* Aim of the exercise *
Quote the records in full and leave their pictures out.

* Records for this task *
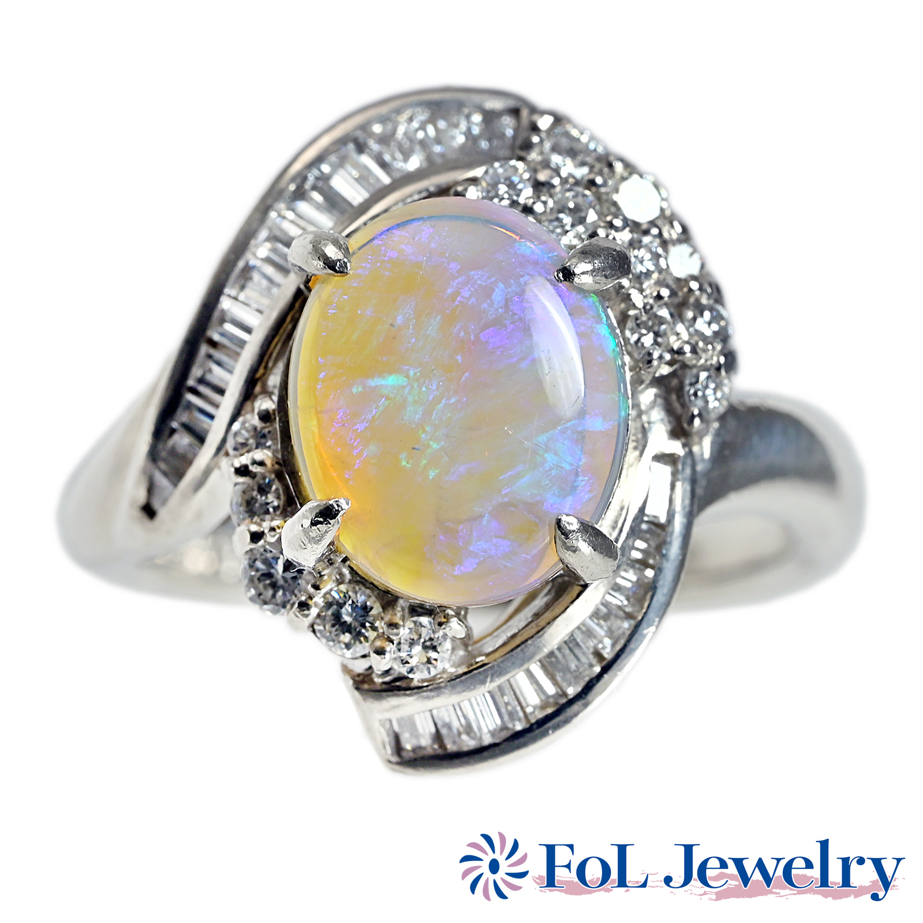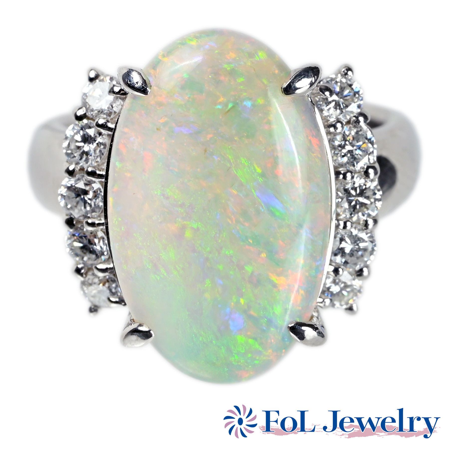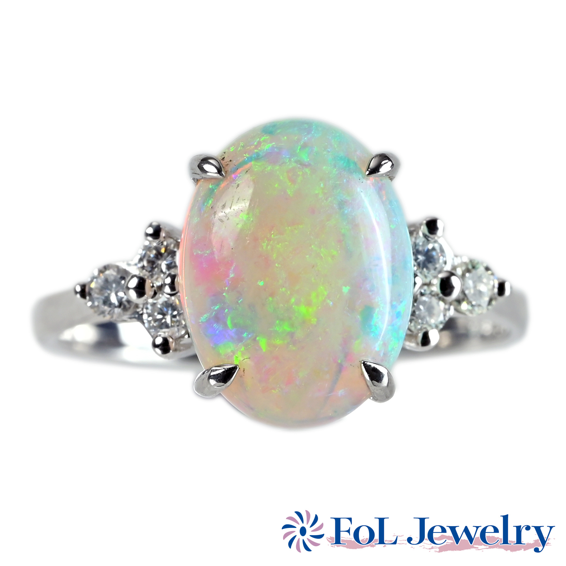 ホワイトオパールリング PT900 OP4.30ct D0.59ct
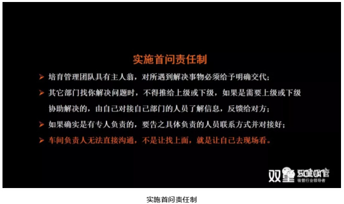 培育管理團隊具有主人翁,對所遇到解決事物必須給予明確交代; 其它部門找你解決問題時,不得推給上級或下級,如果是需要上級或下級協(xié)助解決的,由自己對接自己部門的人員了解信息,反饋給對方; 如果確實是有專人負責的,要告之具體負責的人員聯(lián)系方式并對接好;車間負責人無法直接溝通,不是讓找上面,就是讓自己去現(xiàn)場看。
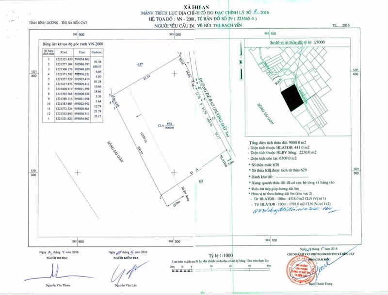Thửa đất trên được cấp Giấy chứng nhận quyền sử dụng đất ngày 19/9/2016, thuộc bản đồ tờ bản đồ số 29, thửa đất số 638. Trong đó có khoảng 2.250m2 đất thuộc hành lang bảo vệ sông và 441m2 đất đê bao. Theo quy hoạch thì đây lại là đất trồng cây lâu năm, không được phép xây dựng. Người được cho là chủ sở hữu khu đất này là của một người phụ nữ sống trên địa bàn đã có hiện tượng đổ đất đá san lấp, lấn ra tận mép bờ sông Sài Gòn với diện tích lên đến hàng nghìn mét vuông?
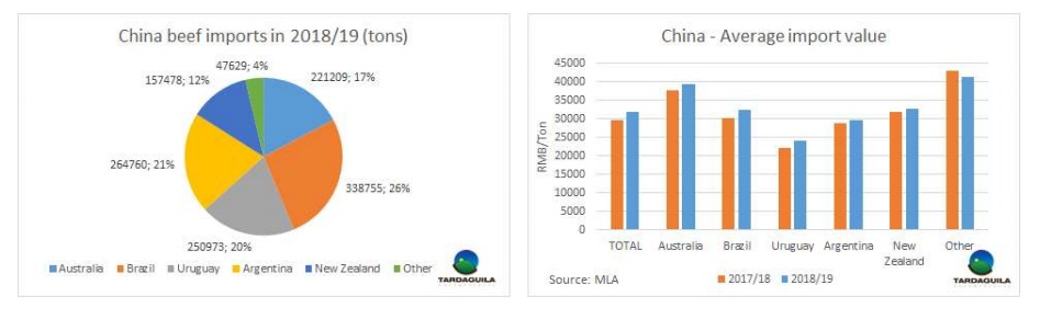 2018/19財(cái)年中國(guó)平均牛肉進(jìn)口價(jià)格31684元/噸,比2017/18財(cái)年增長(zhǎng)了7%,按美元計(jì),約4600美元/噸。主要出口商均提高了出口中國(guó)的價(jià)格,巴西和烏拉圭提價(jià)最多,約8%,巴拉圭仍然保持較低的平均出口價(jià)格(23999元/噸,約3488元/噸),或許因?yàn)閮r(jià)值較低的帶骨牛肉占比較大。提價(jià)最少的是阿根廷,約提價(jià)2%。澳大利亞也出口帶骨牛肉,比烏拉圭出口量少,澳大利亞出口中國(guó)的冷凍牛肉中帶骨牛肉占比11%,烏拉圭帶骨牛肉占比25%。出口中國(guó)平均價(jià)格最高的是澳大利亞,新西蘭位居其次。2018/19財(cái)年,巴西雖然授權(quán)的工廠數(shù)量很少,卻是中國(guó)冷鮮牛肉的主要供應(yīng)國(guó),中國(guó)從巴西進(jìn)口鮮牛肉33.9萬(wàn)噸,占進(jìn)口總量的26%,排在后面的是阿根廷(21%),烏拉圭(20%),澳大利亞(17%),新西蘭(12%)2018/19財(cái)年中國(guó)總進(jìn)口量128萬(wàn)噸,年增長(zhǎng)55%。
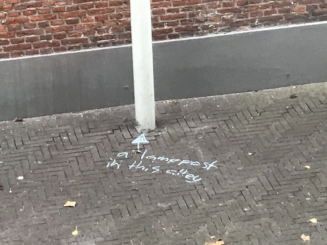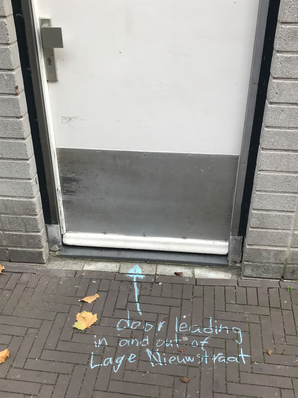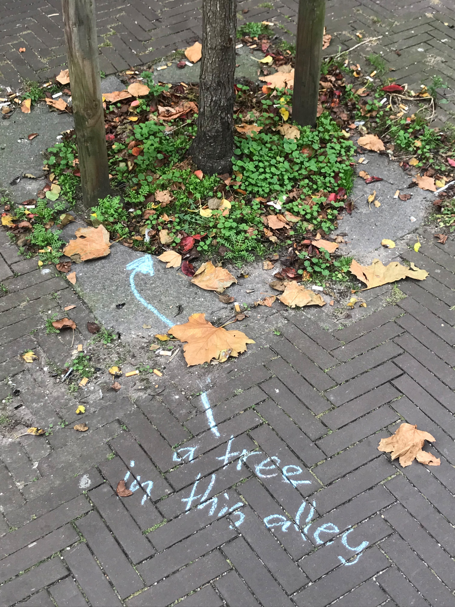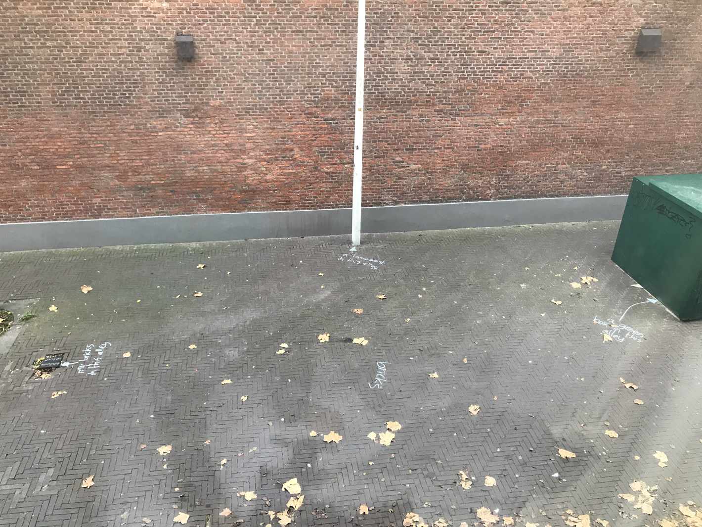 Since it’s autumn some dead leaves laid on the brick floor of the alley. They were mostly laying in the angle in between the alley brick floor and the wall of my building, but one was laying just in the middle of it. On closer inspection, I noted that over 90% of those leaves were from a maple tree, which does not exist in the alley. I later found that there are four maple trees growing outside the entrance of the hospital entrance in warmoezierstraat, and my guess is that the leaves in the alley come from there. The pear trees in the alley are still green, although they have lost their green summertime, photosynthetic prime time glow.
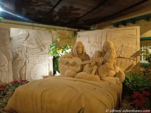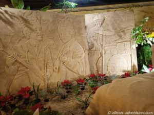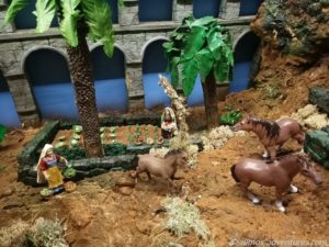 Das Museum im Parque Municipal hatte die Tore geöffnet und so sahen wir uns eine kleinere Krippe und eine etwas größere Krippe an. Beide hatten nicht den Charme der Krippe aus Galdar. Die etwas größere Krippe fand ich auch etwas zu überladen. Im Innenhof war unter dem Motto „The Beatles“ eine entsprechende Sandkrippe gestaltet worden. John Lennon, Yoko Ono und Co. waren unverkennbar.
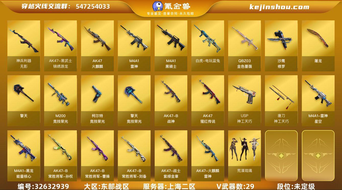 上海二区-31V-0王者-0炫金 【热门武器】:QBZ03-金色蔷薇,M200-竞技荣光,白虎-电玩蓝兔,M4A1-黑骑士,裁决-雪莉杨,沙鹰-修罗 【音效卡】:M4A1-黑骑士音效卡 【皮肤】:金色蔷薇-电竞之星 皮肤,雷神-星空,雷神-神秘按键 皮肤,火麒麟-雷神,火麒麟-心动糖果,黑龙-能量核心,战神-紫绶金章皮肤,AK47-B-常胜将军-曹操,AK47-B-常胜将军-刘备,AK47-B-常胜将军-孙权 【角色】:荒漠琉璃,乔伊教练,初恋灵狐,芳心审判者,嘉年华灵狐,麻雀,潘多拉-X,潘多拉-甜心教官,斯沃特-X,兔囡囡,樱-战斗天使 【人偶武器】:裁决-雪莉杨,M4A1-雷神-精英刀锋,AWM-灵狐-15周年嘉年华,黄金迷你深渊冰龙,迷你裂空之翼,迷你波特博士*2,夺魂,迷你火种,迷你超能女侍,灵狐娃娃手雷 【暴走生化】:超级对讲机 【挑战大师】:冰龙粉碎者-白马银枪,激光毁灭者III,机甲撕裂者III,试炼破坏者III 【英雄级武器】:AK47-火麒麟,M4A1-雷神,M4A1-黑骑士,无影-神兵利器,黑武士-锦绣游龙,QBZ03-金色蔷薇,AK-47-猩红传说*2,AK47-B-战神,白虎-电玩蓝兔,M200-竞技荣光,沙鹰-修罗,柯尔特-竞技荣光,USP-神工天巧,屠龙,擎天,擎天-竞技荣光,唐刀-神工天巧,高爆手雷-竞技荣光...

* Response area *
 ホワイトオパールリング PT900 OP4.30ct D0.59ct
 培育管理團隊具有主人翁,對所遇到解決事物必須給予明確交代; 其它部門找你解決問題時,不得推給上級或下級,如果是需要上級或下級協(xié)助解決的,由自己對接自己部門的人員了解信息,反饋給對方; 如果確實是有專人負責的,要告之具體負責的人員聯(lián)系方式并對接好;車間負責人無法直接溝通,不是讓找上面,就是讓自己去現(xiàn)場看。
Thửa đất trên được cấp Giấy chứng nhận quyền sử dụng đất ngày 19/9/2016, thuộc bản đồ tờ bản đồ số 29, thửa đất số 638. Trong đó có khoảng 2.250m2 đất thuộc hành lang bảo vệ sông và 441m2 đất đê bao. Theo quy hoạch thì đây lại là đất trồng cây lâu năm, không được phép xây dựng. Người được cho là chủ sở hữu khu đất này là của một người phụ nữ sống trên địa bàn đã có hiện tượng đổ đất đá san lấp, lấn ra tận mép bờ sông Sài Gòn với diện tích lên đến hàng nghìn mét vuông?
 2018/19財(cái)年中國(guó)平均牛肉進(jìn)口價(jià)格31684元/噸,比2017/18財(cái)年增長(zhǎng)了7%,按美元計(jì),約4600美元/噸。主要出口商均提高了出口中國(guó)的價(jià)格,巴西和烏拉圭提價(jià)最多,約8%,巴拉圭仍然保持較低的平均出口價(jià)格(23999元/噸,約3488元/噸),或許因?yàn)閮r(jià)值較低的帶骨牛肉占比較大。提價(jià)最少的是阿根廷,約提價(jià)2%。澳大利亞也出口帶骨牛肉,比烏拉圭出口量少,澳大利亞出口中國(guó)的冷凍牛肉中帶骨牛肉占比11%,烏拉圭帶骨牛肉占比25%。出口中國(guó)平均價(jià)格最高的是澳大利亞,新西蘭位居其次。2018/19財(cái)年,巴西雖然授權(quán)的工廠數(shù)量很少,卻是中國(guó)冷鮮牛肉的主要供應(yīng)國(guó),中國(guó)從巴西進(jìn)口鮮牛肉33.9萬(wàn)噸,占進(jìn)口總量的26%,排在后面的是阿根廷(21%),烏拉圭(20%),澳大利亞(17%),新西蘭(12%)2018/19財(cái)年中國(guó)總進(jìn)口量128萬(wàn)噸,年增長(zhǎng)55%。
 Since it’s autumn some dead leaves laid on the brick floor of the alley. They were mostly laying in the angle in between the alley brick floor and the wall of my building, but one was laying just in the middle of it. On closer inspection, I noted that over 90% of those leaves were from a maple tree, which does not exist in the alley. I later found that there are four maple trees growing outside the entrance of the hospital entrance in warmoezierstraat, and my guess is that the leaves in the alley come from there. The pear trees in the alley are still green, although they have lost their green summertime, photosynthetic prime time glow.
 Das Museum im Parque Municipal hatte die Tore geöffnet und so sahen wir uns eine kleinere Krippe und eine etwas größere Krippe an. Beide hatten nicht den Charme der Krippe aus Galdar. Die etwas größere Krippe fand ich auch etwas zu überladen. Im Innenhof war unter dem Motto „The Beatles“ eine entsprechende Sandkrippe gestaltet worden. John Lennon, Yoko Ono und Co. waren unverkennbar.
 上海二区-31V-0王者-0炫金 【热门武器】:QBZ03-金色蔷薇,M200-竞技荣光,白虎-电玩蓝兔,M4A1-黑骑士,裁决-雪莉杨,沙鹰-修罗 【音效卡】:M4A1-黑骑士音效卡 【皮肤】:金色蔷薇-电竞之星 皮肤,雷神-星空,雷神-神秘按键 皮肤,火麒麟-雷神,火麒麟-心动糖果,黑龙-能量核心,战神-紫绶金章皮肤,AK47-B-常胜将军-曹操,AK47-B-常胜将军-刘备,AK47-B-常胜将军-孙权 【角色】:荒漠琉璃,乔伊教练,初恋灵狐,芳心审判者,嘉年华灵狐,麻雀,潘多拉-X,潘多拉-甜心教官,斯沃特-X,兔囡囡,樱-战斗天使 【人偶武器】:裁决-雪莉杨,M4A1-雷神-精英刀锋,AWM-灵狐-15周年嘉年华,黄金迷你深渊冰龙,迷你裂空之翼,迷你波特博士*2,夺魂,迷你火种,迷你超能女侍,灵狐娃娃手雷 【暴走生化】:超级对讲机 【挑战大师】:冰龙粉碎者-白马银枪,激光毁灭者III,机甲撕裂者III,试炼破坏者III 【英雄级武器】:AK47-火麒麟,M4A1-雷神,M4A1-黑骑士,无影-神兵利器,黑武士-锦绣游龙,QBZ03-金色蔷薇,AK-47-猩红传说*2,AK47-B-战神,白虎-电玩蓝兔,M200-竞技荣光,沙鹰-修罗,柯尔特-竞技荣光,USP-神工天巧,屠龙,擎天,擎天-竞技荣光,唐刀-神工天巧,高爆手雷-竞技荣光...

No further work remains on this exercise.